**Problem description:** From the first line of the material to the line containing "Zestaw do wina, w", inclusive, write out each line exactly, leaving out the pictures.

**Records for the task:**
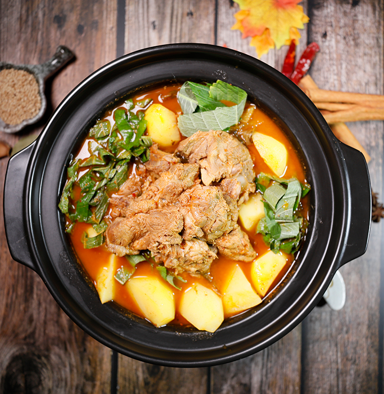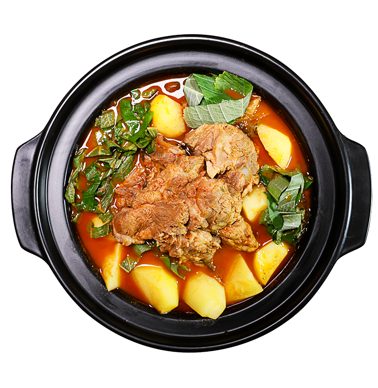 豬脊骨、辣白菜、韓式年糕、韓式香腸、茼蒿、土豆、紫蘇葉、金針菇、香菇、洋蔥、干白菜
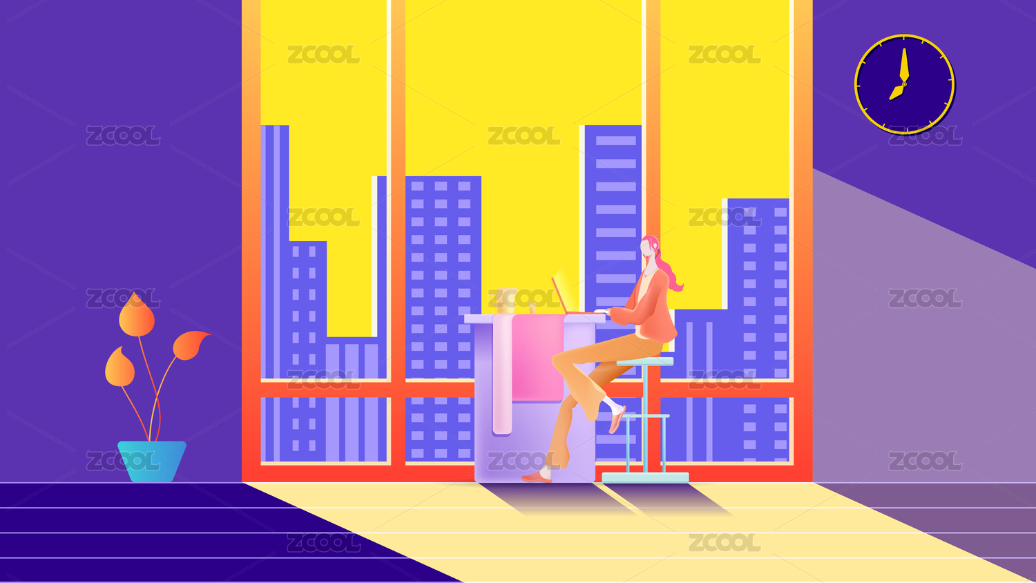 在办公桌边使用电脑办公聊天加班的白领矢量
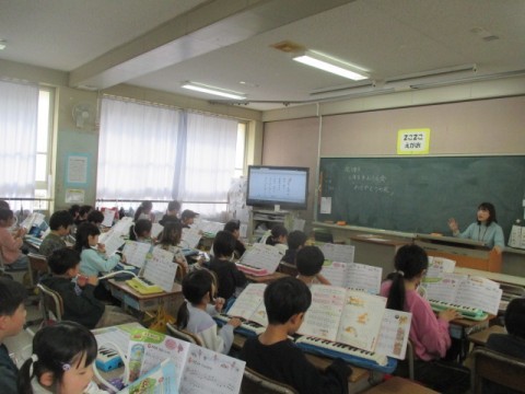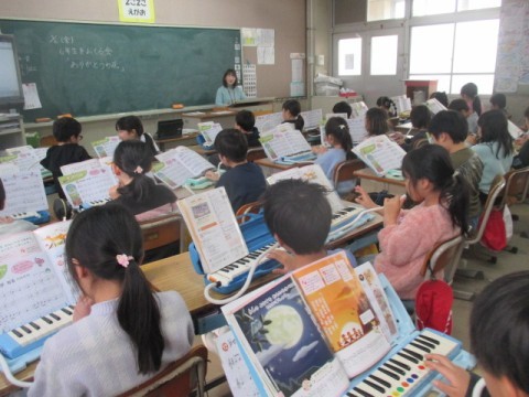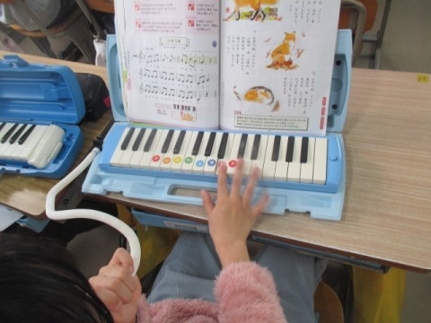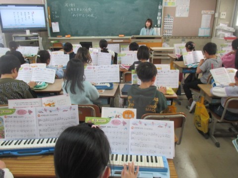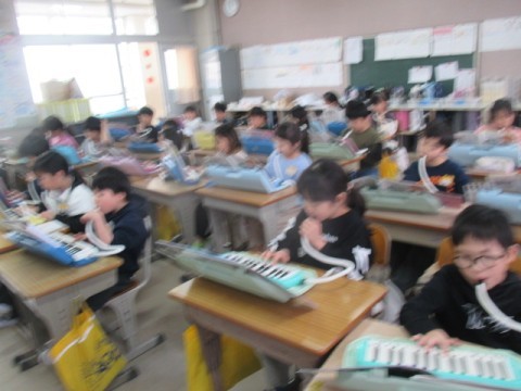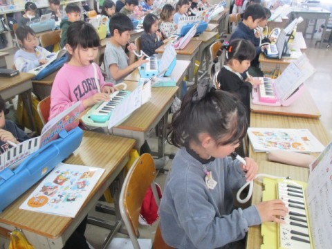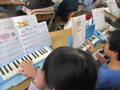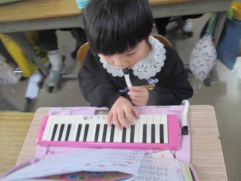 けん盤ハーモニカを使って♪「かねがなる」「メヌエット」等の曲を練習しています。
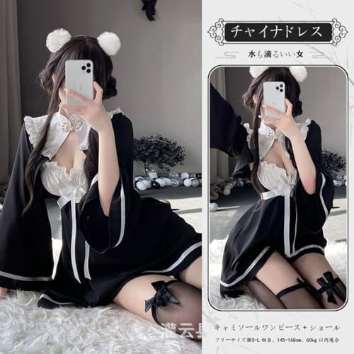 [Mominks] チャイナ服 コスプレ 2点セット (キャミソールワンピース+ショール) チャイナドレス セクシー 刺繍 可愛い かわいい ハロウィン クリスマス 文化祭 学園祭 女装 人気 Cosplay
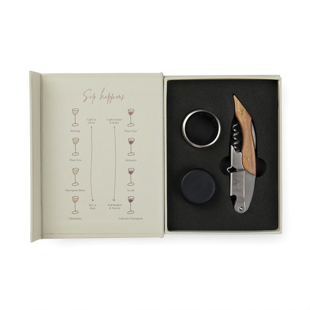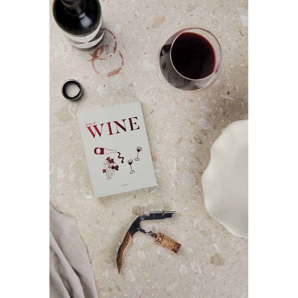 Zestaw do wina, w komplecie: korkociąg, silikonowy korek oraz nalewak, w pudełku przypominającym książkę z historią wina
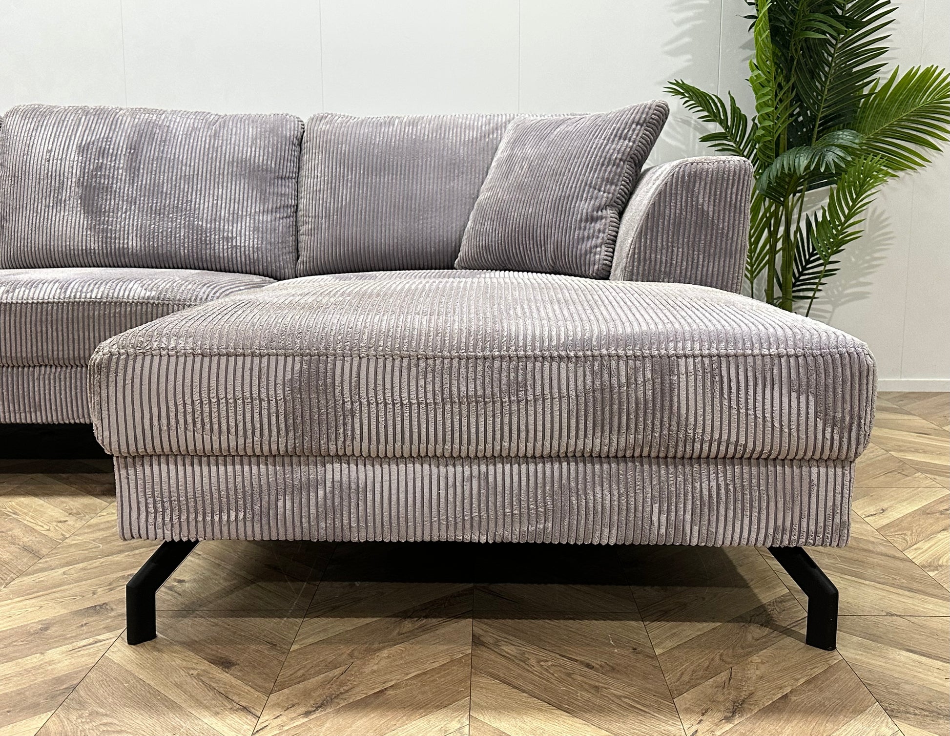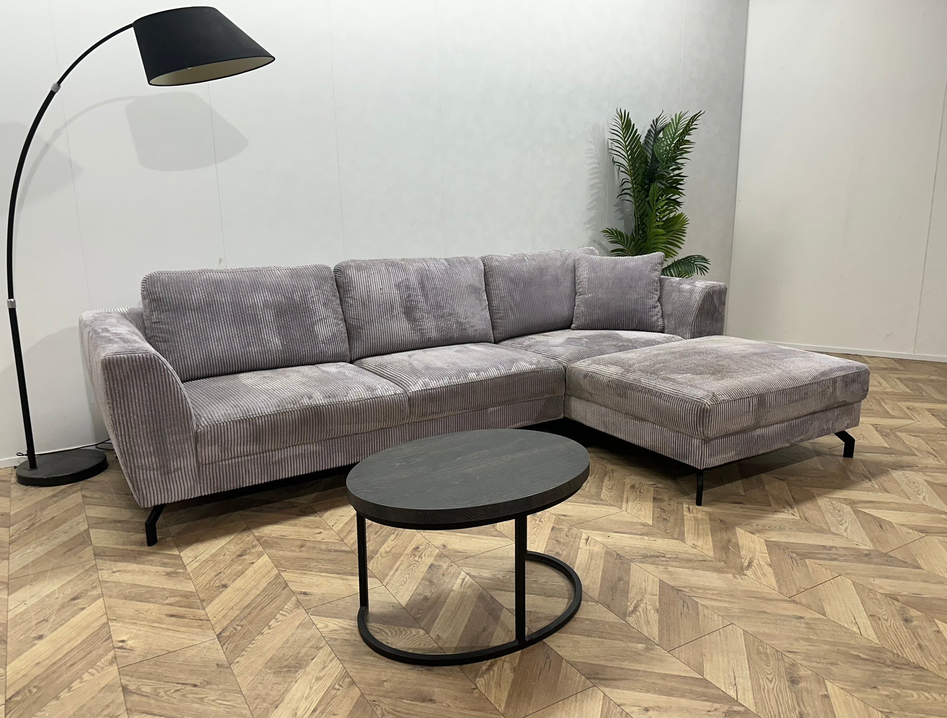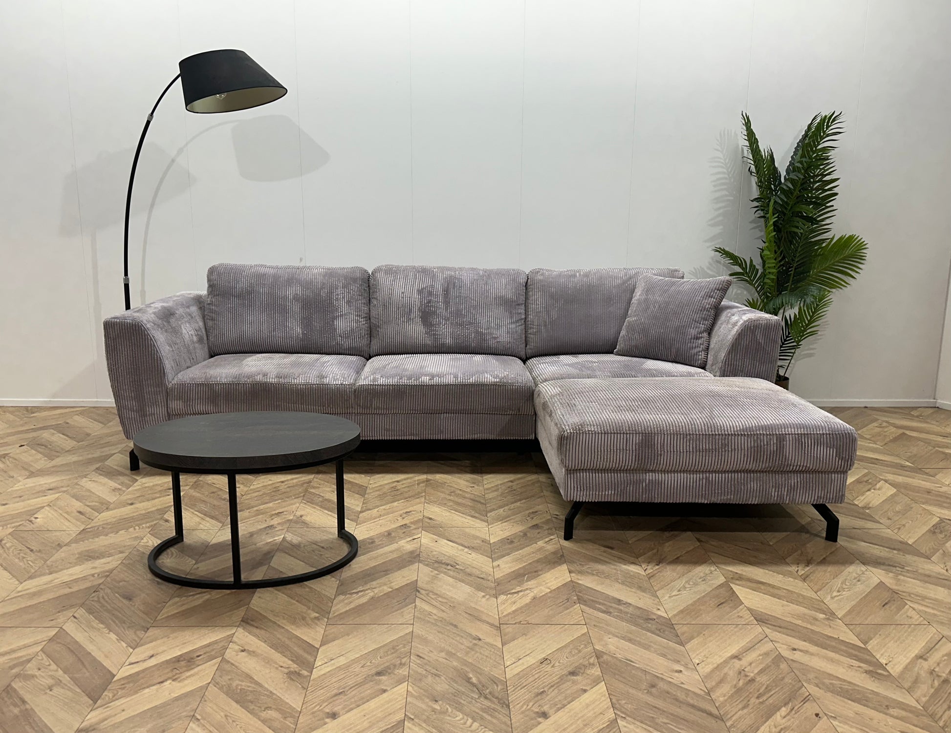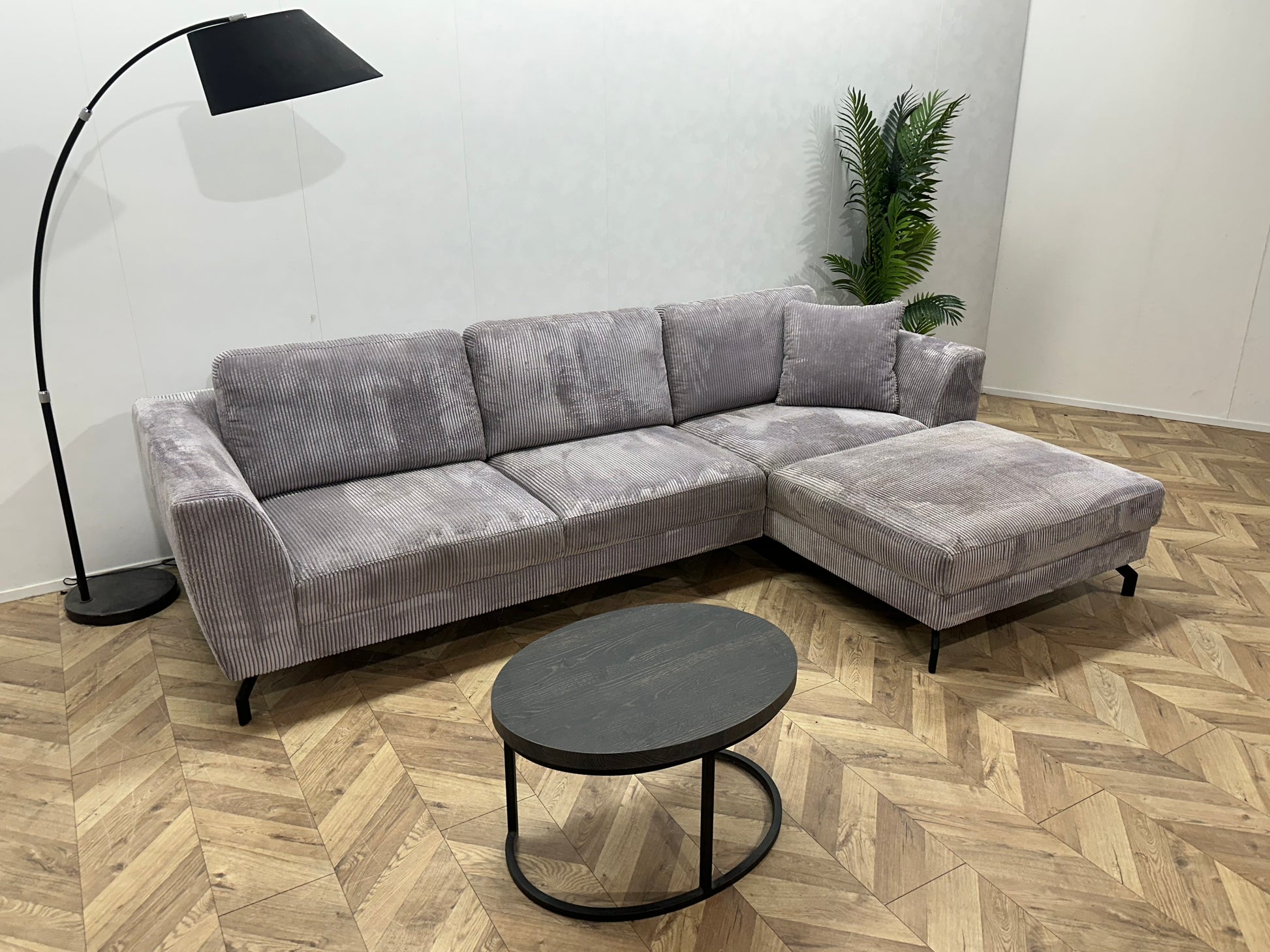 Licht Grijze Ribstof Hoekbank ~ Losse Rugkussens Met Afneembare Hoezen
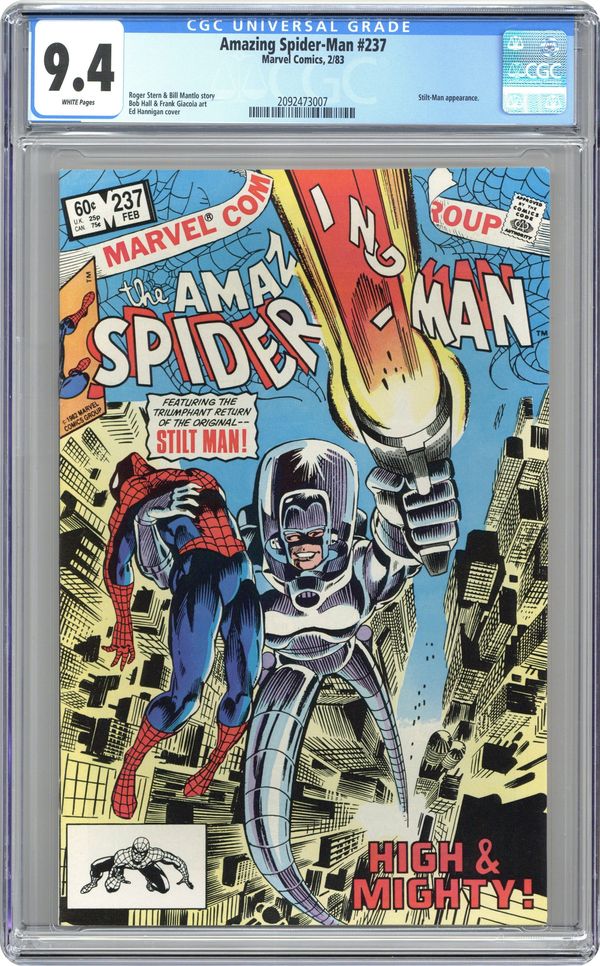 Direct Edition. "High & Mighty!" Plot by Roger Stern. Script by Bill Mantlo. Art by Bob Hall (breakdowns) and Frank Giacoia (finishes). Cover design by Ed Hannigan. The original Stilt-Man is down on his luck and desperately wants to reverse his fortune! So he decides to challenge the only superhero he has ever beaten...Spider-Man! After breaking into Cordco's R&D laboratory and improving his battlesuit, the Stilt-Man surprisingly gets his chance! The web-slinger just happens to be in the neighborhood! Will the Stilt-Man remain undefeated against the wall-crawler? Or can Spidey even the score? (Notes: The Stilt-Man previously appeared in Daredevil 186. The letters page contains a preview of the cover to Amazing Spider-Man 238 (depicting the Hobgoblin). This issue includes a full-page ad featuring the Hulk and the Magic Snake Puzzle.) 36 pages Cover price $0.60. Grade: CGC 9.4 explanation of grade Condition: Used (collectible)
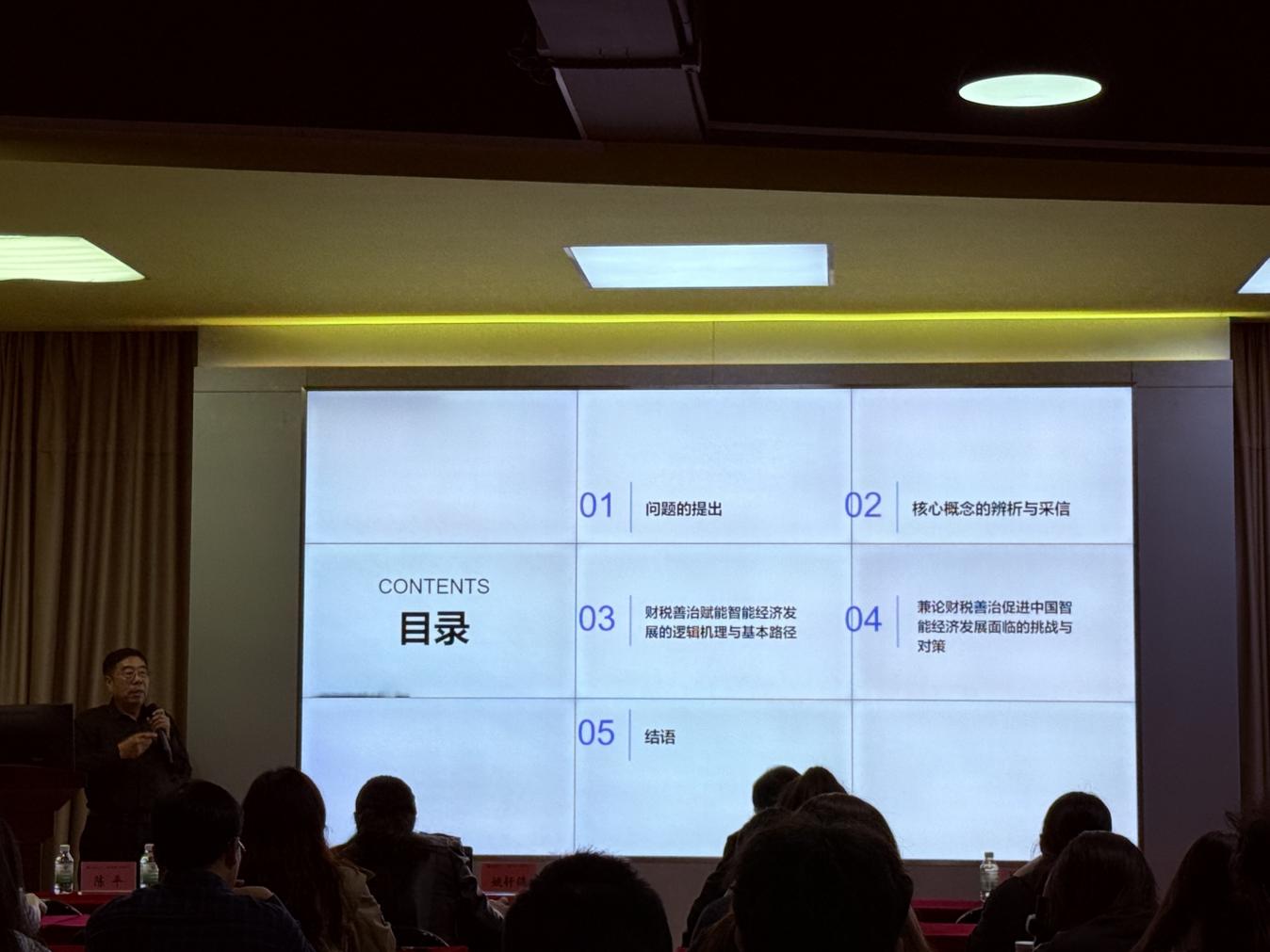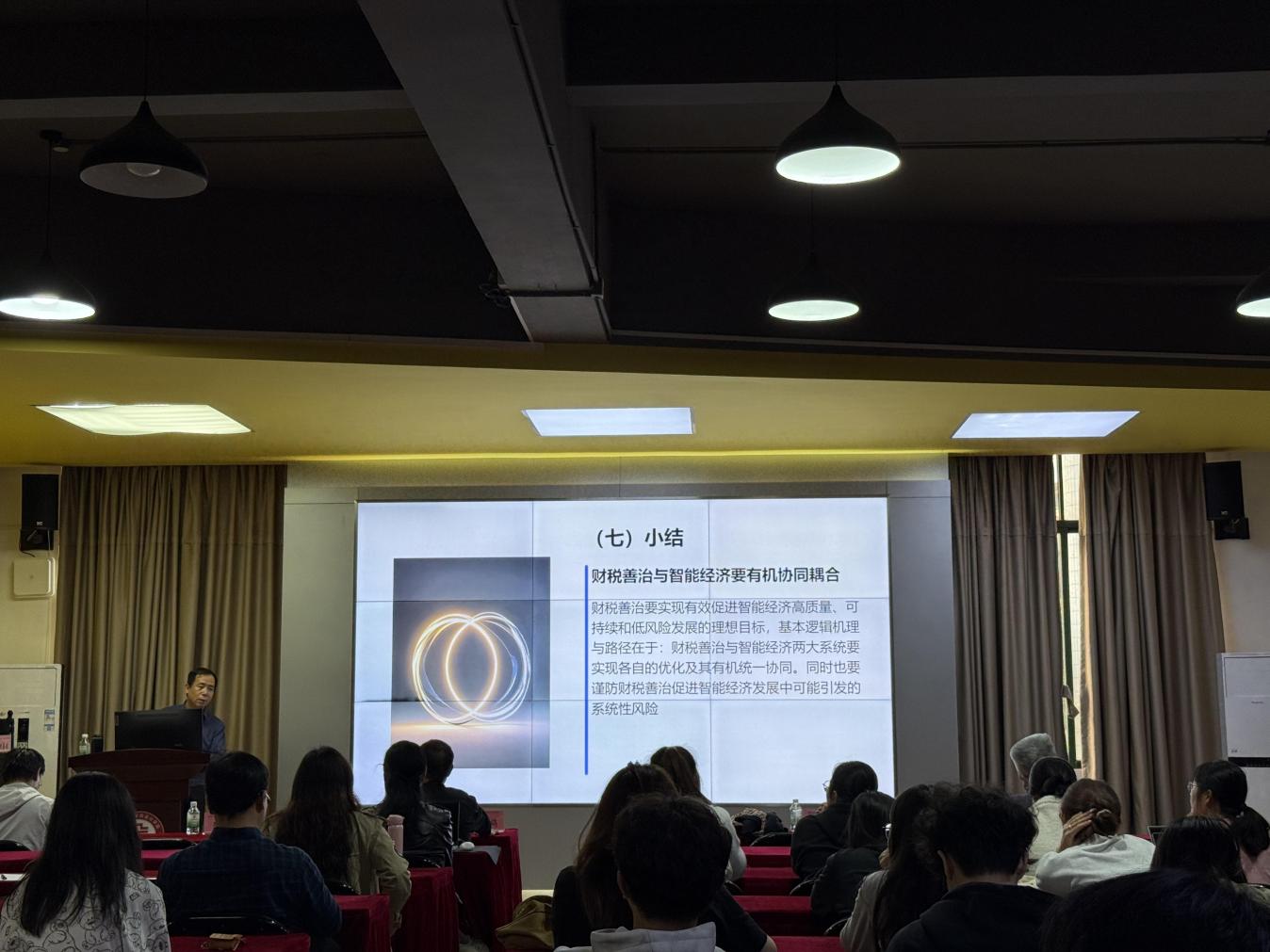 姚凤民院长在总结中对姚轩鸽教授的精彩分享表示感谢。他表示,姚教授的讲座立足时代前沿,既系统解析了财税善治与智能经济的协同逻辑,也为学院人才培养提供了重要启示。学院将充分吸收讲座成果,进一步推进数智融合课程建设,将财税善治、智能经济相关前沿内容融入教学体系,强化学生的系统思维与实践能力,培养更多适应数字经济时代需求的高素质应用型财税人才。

**Exercise output:**
 豬脊骨、辣白菜、韓式年糕、韓式香腸、茼蒿、土豆、紫蘇葉、金針菇、香菇、洋蔥、干白菜
 在办公桌边使用电脑办公聊天加班的白领矢量
 けん盤ハーモニカを使って♪「かねがなる」「メヌエット」等の曲を練習しています。
 [Mominks] チャイナ服 コスプレ 2点セット (キャミソールワンピース+ショール) チャイナドレス セクシー 刺繍 可愛い かわいい ハロウィン クリスマス 文化祭 学園祭 女装 人気 Cosplay
 Zestaw do wina, w komplecie: korkociąg, silikonowy korek oraz nalewak, w pudełku przypominającym książkę z historią wina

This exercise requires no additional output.